First-quarter profits at US electricals retailer Best Buy have been impacted by restructuring costs, including those incurred by its joint venture with Carphone Warehouse.
In the first quarter to May 30, net profits at Best Buy declined 15 per cent to $153m (£93.5m).
Restructuring charges, including the impact of corporate restructuring at Best Buy Europe, hit income by $25m (£15.3m) during the quarter.
Sales at Best Buy grew 12 per cent to $10.1bn (£6.17bn) during the quarter, reflecting the inclusion of Best Buy Europe’s sales with the addition of 185 new stores.
Like-for-likes, however, fell 6.2 per cent and sales were impacted by foreign currency fluctuations.

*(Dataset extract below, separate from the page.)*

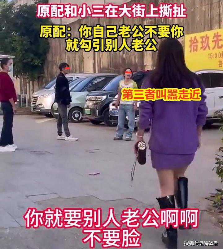 双方隔得并不远,妻子骂累了丈夫,转身对着第三者骂了起来。

Internationally, first-quarter sales grew 67 per cent to $2.6bn (£1.57bn), driven by the inclusion of Best Buy Europe. The growth was offset by currency fluctuations and like-for-likes were down 13.9 per cent.
Best Buy International chief executive Bob Willett said: “Our European business grew revenue in the fiscal first quarter and continued to show market share gains in the UK pre-pay market.”
First-quarter sales in its domestic market were $7.5bn (£4.58bn), up 1 per cent. Like-for-likes fell 4.9 per cent as footfall fell and sales fell in gaming, digital cameras, appliances and movies.
Best Buy chief operating officer Brian Dunn, who will become chief executive on June 24, said: “Regardless of the environment we find ourselves in, we know that our people will continue to be our key point of differentiation in helping Best Buy grow. We believe this was the driving force behind our better-than-expected results in the first quarter.”